Pandit Kishan Maharaj (3 September 1923 – 4 May 2008) was an Indian tabla player who belonged to the Benares gharana of Hindustani classical music.

Early life and background
Kishan Maharaj ji was born in Kabir Chaura, Benaras into a family of professional musicians. He was initially trained in classical music by his father, Hari Maharaj. After his father's death, his training was taken over by his uncle, Kanthe Maharaj.

Musical career
By the time he was eleven, Kishan Maharaj began performing in concerts. Within a few years, Kishan Maharaj was sharing the stage with stalwarts like Faiyaz Khan, Omkarnath Thakur, Bade Ghulam Ali Khan, Bhimsen Joshi, Ravi Shankar, Ali Akbar Khan, Vasant Rai, Vilayat Khan, Girija Devi, Sitara Devi and many others.
 
Maharaj had the ability to play cross-rhythms and produce complex calculations, particularly in tihai patterns. Known as an excellent accompanist, Maharaj was extremely versatile and capable of playing with any accompaniment, be it with the Sitar, Sarod, Dhrupad, Dhamar or even dance.

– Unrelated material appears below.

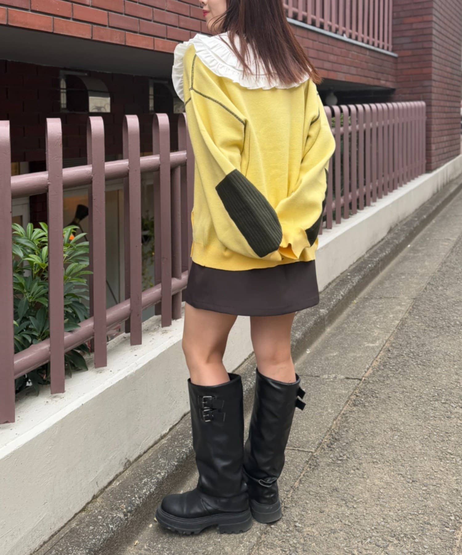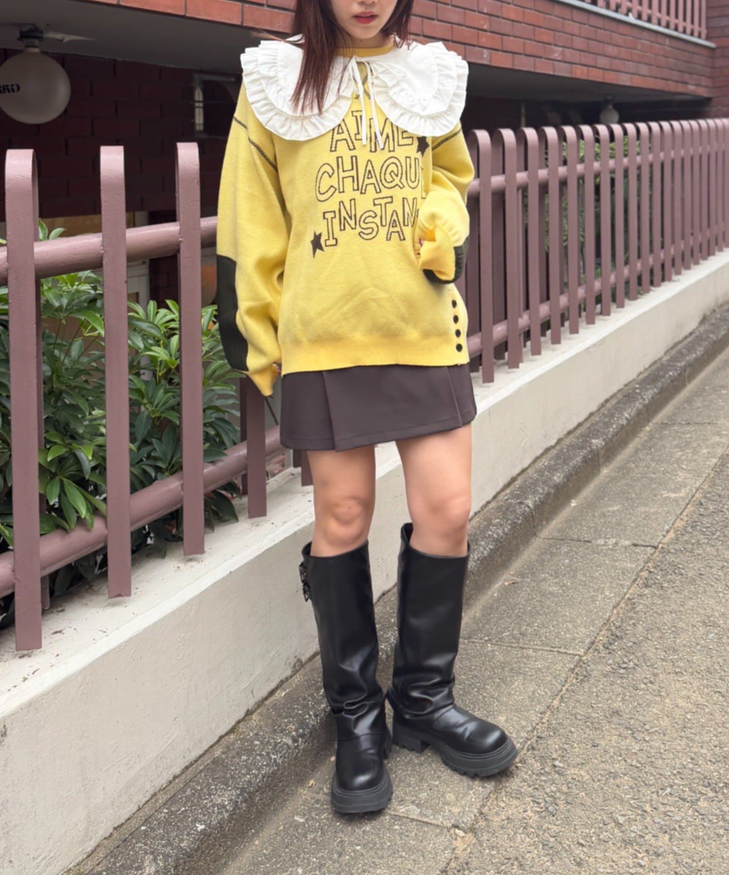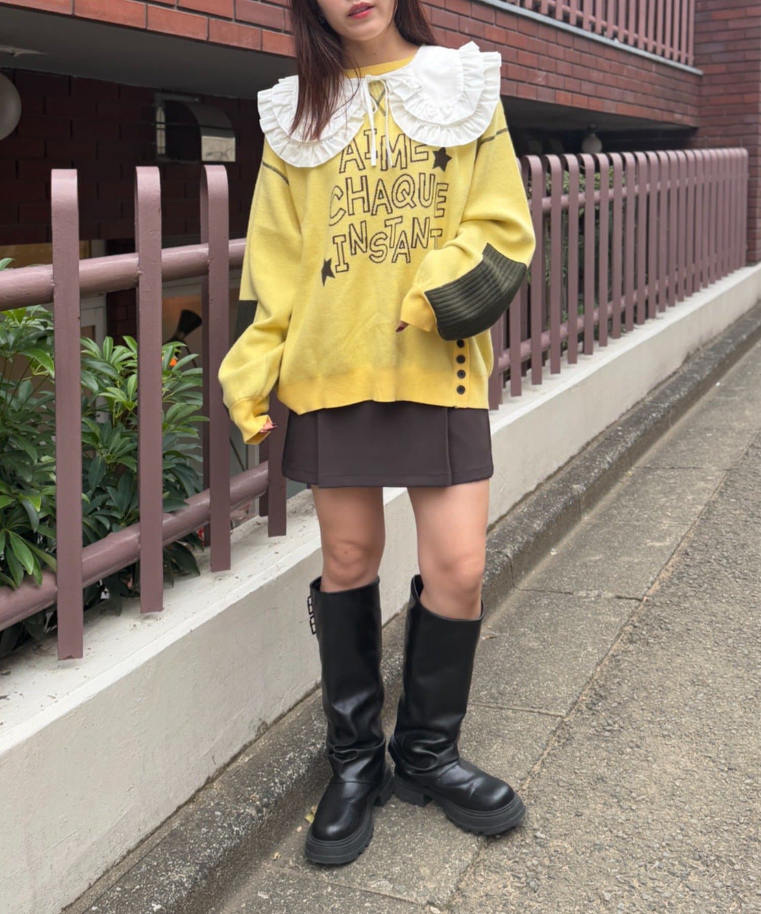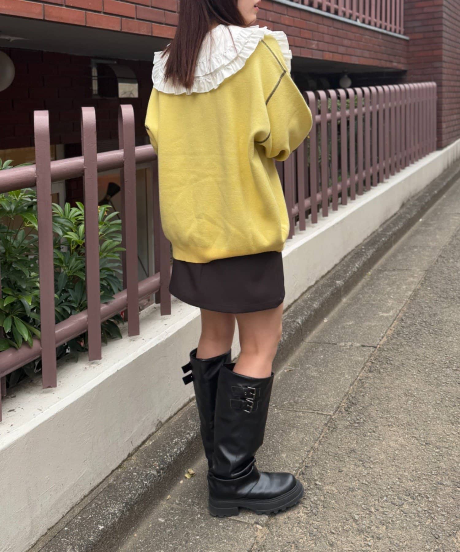 ・ふわっとしたショート丈ニットと合わせてバランスのいいコーデに◎

Maharaj gave a number of solo concerts during his career and also gave `Sangat` to some great dancers like Sri Shambhu Maharaj, Sitara Devi, Natraj Gopi Krishna, and Birju Maharaj.

Among all his compositions, his "Tala Vadya Kacheri" with the Mridangam Vidwan, "Palghat Raghu" stood out. Maharaj extensively toured and participated in several prestigious events across the world, including the Edinburgh festival and the Commonwealth Arts festival in the United Kingdom in 1965.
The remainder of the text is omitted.